現在は、マレーバクやカンムリシロムク、カグー、ホオアカトキ、コンゴクジャクなどの希少野生動物の飼育・繁殖に取り組んでおり、飼育技術の向上を図るための調査や、野生動物の生態を解明するための基礎的な研究などを行っています。繁殖と、種の保存に関わる調査・研究を目的として作られた施設で、通常一般には公開されていません。

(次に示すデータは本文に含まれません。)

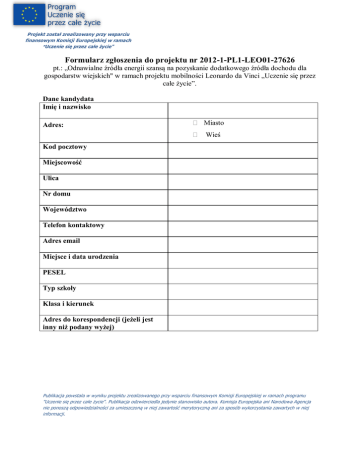 Projekt został zrealizowany przy wsparciu finansowym Komisji Europejskiej w ramach Uczenie się przez całe życie" Formularz zgłoszenia do projektu nr 2012-1-PL1-LEO01-27626 pt.: „Odnawialne źródła energii szansą na pozyskanie dodatkowego źródła dochodu dla gospodarstw wiejskich" w ramach projektu mobilności Leonardo da Vinci „Uczenie się przez całe życie”. Dane kandydata Imię i nazwisko Adres: Miasto Wieś Kod pocztowy Miejscowość Ulica Nr domu Województwo Telefon kontaktowy Adres email Miejsce i data urodzenia PESEL Typ szkoły Klasa i kierunek Adres do korespondencji (jeżeli jest inny niż podany wyżej) Publikacja powstała w wyniku projektu zrealizowanego przy wsparciu finansowym Komisji Europejskiej w ramach programu "Uczenie się przez całe życie". Publikacja odzwierciedla jedynie stanowisko autora. Komisja Europejska ani Narodowa Agencja nie ponoszą odpowiedzialności za umieszczoną w niej zawartość merytoryczną ani za sposób wykorzystania zawartych w niej informacji. Projekt został zrealizowany przy wsparciu finansowym Komisji Europejskiej w ramach Uczenie się przez całe życie" Lp. 1. KRYTERIA WYBORU Oceny z przedmiotów zawodowych uzyskanych w I-ym semestrze 2012/13 2. Ocena z praktyk zawodowych 3. Dodatkowa działalność kandydata na rzecz szkoły (wolontariat, PCK, konkursy itp.) podać konkretnie 4. 5. Sytuacja rodzinna i materialna uczniów potwierdzona przez wychowawcę Ocena z zachowania oraz współpracy w grupie potwierdzona przez wychowawcę w skali punktowej 1- 4 pkt TECHNIK ROLNIK OCENA/PUNKTY UWAGI Produkcja roślinna Produkcja zwierzęca Mechanizacja rolnictwa Ekonomika i zarządzanie przedsiębiorstwem w agrobiznesie Przepisy ruchu drogowego Technika w rolnictwie BHP w rolnictwie Celujacy Bardzo dobry Dobry Dostateczny Dopuszczający Nie wypełniać WYPEŁNIA WYCHOWAWCA Dobra Zła podpis wychowawcy Publikacja powstała w wyniku projektu zrealizowanego przy wsparciu finansowym Komisji Europejskiej w ramach programu "Uczenie się przez całe życie". Publikacja odzwierciedla jedynie stanowisko autora. Komisja Europejska ani Narodowa Agencja nie ponoszą odpowiedzialności za umieszczoną w niej zawartość merytoryczną ani za sposób wykorzystania zawartych w niej informacji. Projekt został zrealizowany przy wsparciu finansowym Komisji Europejskiej w ramach Uczenie się przez całe życie" Lp. 1. KRYTERIA WYBORU Oceny z przedmiotów zawodowych uzyskanych w I-ym semestrze 2012/13 2. Ocena z praktyk zawodowych 3. Dodatkowa działalność kandydata na rzecz szkoły (wolontariat , PCK, konkursy itp.) podać konkretnie 4. 5. Sytuacja rodzinna i materialna uczniów potwierdzona przez wychowawcę Ocena z zachowania oraz współpracy w grupie potwierdzona przez wychowawcę w skali punktowej 1 - 4 pkt TECHNIK HANDLOWIEC OCENA/ PUNKTY UWAGI Ekonomika handlu Podstawy ekonomii Statystyka Rachunkowość handlowa Marketing Towaroznawstwo Elementy prawa Pracownia informatycznohandlowa Język obcy zawodowy Działalność przedsiębiorstwa handlowego BHP w działalności handlowej Prowadzenie sprzedaży Celujacy Bardzo dobry Dobry Dostateczny Dopuszczający Nie wypełniać WYPEŁNIA WYCHOWAWCA Dobra Zła podpis wychowawcy Publikacja powstała w wyniku projektu zrealizowanego przy wsparciu finansowym Komisji Europejskiej w ramach programu "Uczenie się przez całe życie". Publikacja odzwierciedla jedynie stanowisko autora. Komisja Europejska ani Narodowa Agencja nie ponoszą odpowiedzialności za umieszczoną w niej zawartość merytoryczną ani za sposób wykorzystania zawartych w niej informacji. Projekt został zrealizowany przy wsparciu finansowym Komisji Europejskiej w ramach Uczenie się przez całe życie" Lp. KRYTERIA WYBORU 1. Oceny z przedmiotów zawodowych uzyskanych w I-ym semestrze 2012/13 2. Ocena z praktyk zawodowych 3. Dodatkowa działalność kandydata na rzecz szkoły (wolontariat , PCK, konkursy itp.) podać konkretnie 4. 5. Sytuacja rodzinna i materialna uczniów potwierdzona przez wychowawcę Ocena z zachowania oraz współpracy w grupie potwierdzona przez wychowawcę w skali punktowej 1 - 4 pkt TECHNIK TECGNOLOGII ŻYWNOŚCI OCENA/PUNKTY UWAGI Towaroznawstwo spożywcze Technologia żywności Mikrobiologia żywności Maszyny i urządzenia przetwórstwa spożywczego Analiza żywności Działalności przedsiębiorstwa spożywczego Podstawy BHP Podstawy techniki w przemyśle spożywczym Celujacy Bardzo dobry Dobry Dostateczny Dopuszczający Nie wypełniać WYPEŁNIA WYCHOWAWCA Dobra Zła podpis wychowawcy Publikacja powstała w wyniku projektu zrealizowanego przy wsparciu finansowym Komisji Europejskiej w ramach programu "Uczenie się przez całe życie". Publikacja odzwierciedla jedynie stanowisko autora. Komisja Europejska ani Narodowa Agencja nie ponoszą odpowiedzialności za umieszczoną w niej zawartość merytoryczną ani za sposób wykorzystania zawartych w niej informacji.

また、 このような施設が動物園のために作られたのは国内では初めての試みです。
100年後、200年後を見据えて、絶滅が危ぶまれる動物の配偶子や遺伝子、体細胞などの凍結保存も始めています。凍結保存は、野生動物の配偶子等を-196℃の液体窒素に保存されています。
また、平成15年3月に、横浜市はインドネシア共和国とカンムリシロムクの保全に協力する合意文書を締結し、これを基に平成16年4月から国際協力機構(JICA)草の根技術協力事業の採択を受けています。その後、毎年、研修員の受け入れや専門家の派遣を行い、インドネシアにおける保護活動や飼育・繁殖、環境保全に関する技術協力を行っています。また、これまでに125羽のカンムリシロムクを生息地であるバリ・バラト国立公園の繁殖施設や同鳥の血統を管理しているタマンサファリ動物園へ送りました。
カンムリシロムクは、インドネシアのバリ島にしか生息しない希少なムクドリの仲間で、野生での絶滅が危惧されています(平成25年度3月現在 生息数20羽以下)。横浜市繁殖センターではカンムリシロムク保全のため、飼育下繁殖に積極的に取り組み、現在およそ100羽を飼育しています。
そして、ニューカレドニア南部領土政府からは、平成元年5月に1ペアのカグーがニューカレドニア南部領土政府から横浜市に寄贈されたのを機に野生動物に関する交流合意書を締結。ニューカレドニアの固有種であるカグーやその他の希少動物の保全に関する学術交流と動物交換を行っています。
日本の希少動物の保全のみならず、国際的な絶滅のおそれのある野生動物の飼育下繁殖に取り組むとともに、野生復帰活動や国際保全計画への参加等、国際貢献が進められていました。